The U.S. Food and Drug Administration (FDA) approved Rozlytrek® (entrectinib) for adults and pediatric patients (12 years of age and older) with NTRK-positive solid tumors without a known acquired resistance mutation that are metastatic or where surgical resection is likely to result in severe morbidity and have progressed following treatment or have no satisfactory standard therapy. Entrectinib was also approved for adults with metastatic ROS1-positive non-small cell lung cancer (NSCLC).
This is the third approval for a “tumor-agnostic” drug, following the FDA approval of Vitrakvi® (larotrectinib)for the treatment of NTRK-positive solid tumors in 2018, and the approval of Keytruda® (pembrolizumab) for tumors with microsatellite instability-high or mismatch repair deficient tumors in 2017.
Improved response with entrectinib
Researchers investigated the efficacy of entrectinib in NTRK-positive tumors in 54 adults who received entrectinib at various doses and schedules in one of three multicenter, single-arm, clinical trials (ALKA, STARTRK-1, and STARTRK-2). Most patients (94%) received entrectinib 600 mg orally once daily. Researchers identified NTRK-positive tumors in local laboratories or a central laboratory using nucleic acid-based tests prior to enrollment.
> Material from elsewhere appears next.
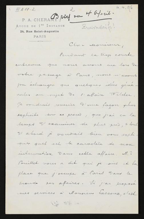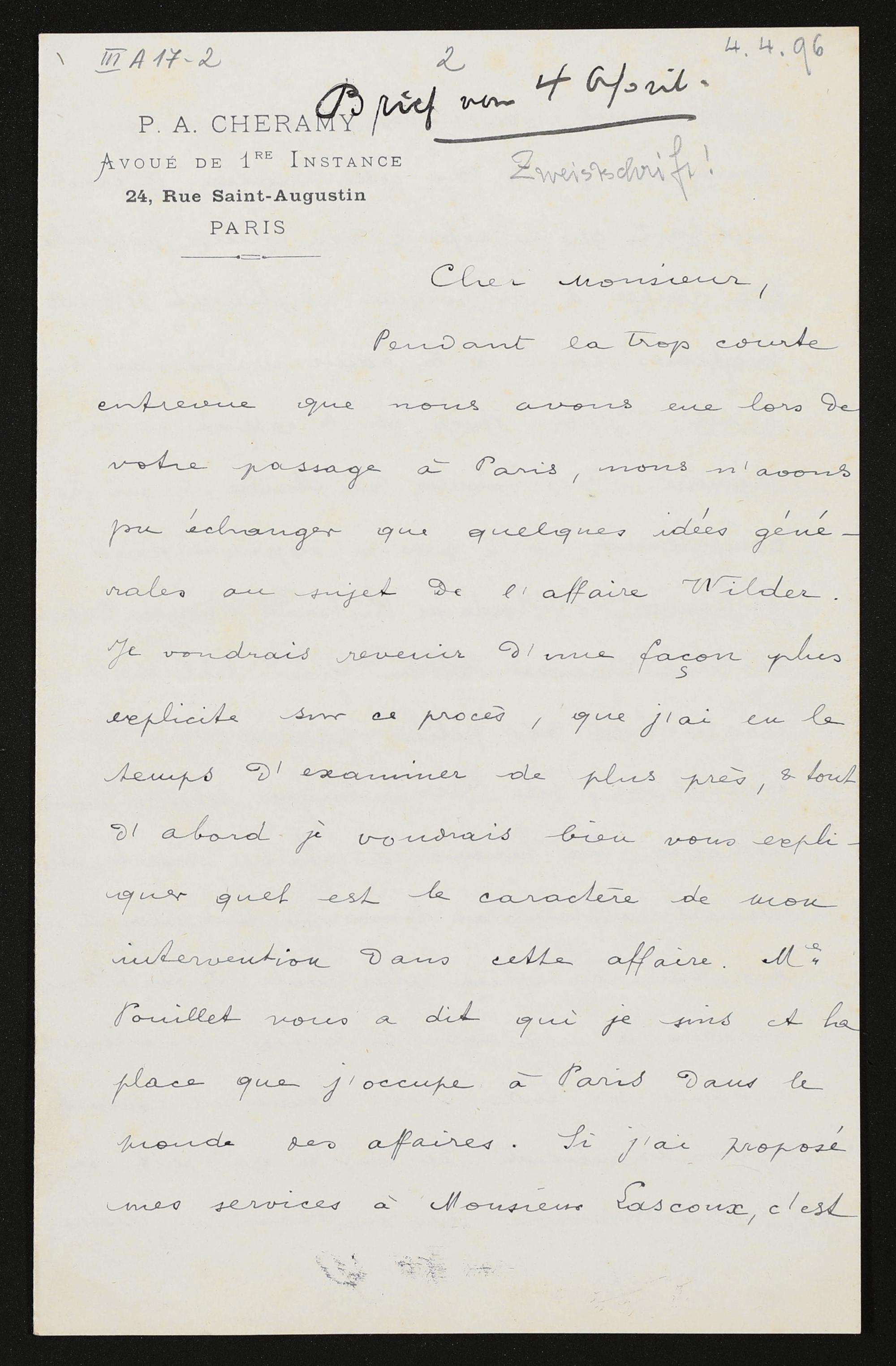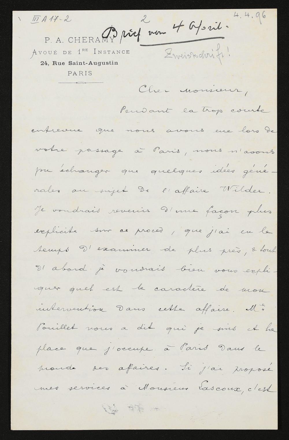 eigenhändiger Brief von P. A. Cheramy an Adolf von Gross

The overall response rate (ORR) was 57% (95% CI, 43-71), and responses were observed across 10 different tumor types. The duration of response was six months or longer for 68% of patients and 12 months or longer for 45% of patients. The most common cancers in the study were sarcoma, NSCLC, mammary analogue secretory carcinoma, breast, thyroid, and colorectal.
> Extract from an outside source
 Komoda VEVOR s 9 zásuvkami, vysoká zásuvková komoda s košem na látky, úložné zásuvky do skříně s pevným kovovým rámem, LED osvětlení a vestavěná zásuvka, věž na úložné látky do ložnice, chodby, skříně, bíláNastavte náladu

Researchers investigated the efficacy of entrectinib in ROS1-positive metastatic NSCLC in 51 adults who received entrectinib at various doses and schedules in the same three clinical trials. Again, most patients (90%) received entrectinib 600 mg orally once daily. The ORR was 78% (95% CI, 65-89), and the duration of response was 12 months or longer for 55% of patients.
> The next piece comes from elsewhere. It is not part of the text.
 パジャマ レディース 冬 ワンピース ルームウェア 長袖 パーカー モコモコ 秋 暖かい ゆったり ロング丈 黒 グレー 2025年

The most serious adverse events (AEs) associated with entrectinib were congestive heart failure, central nervous system effects, skeletal fractures, hepatotoxicity, hyperuricemia, QT interval prolongation, and vision disorders. The most common AEs are fatigue, constipation, dysgeusia, edema, dizziness, diarrhea, nausea, dysesthesia, dyspnea, myalgia, cognitive impairment, increased weight, cough, vomiting, pyrexia, arthralgia, and vision disorders.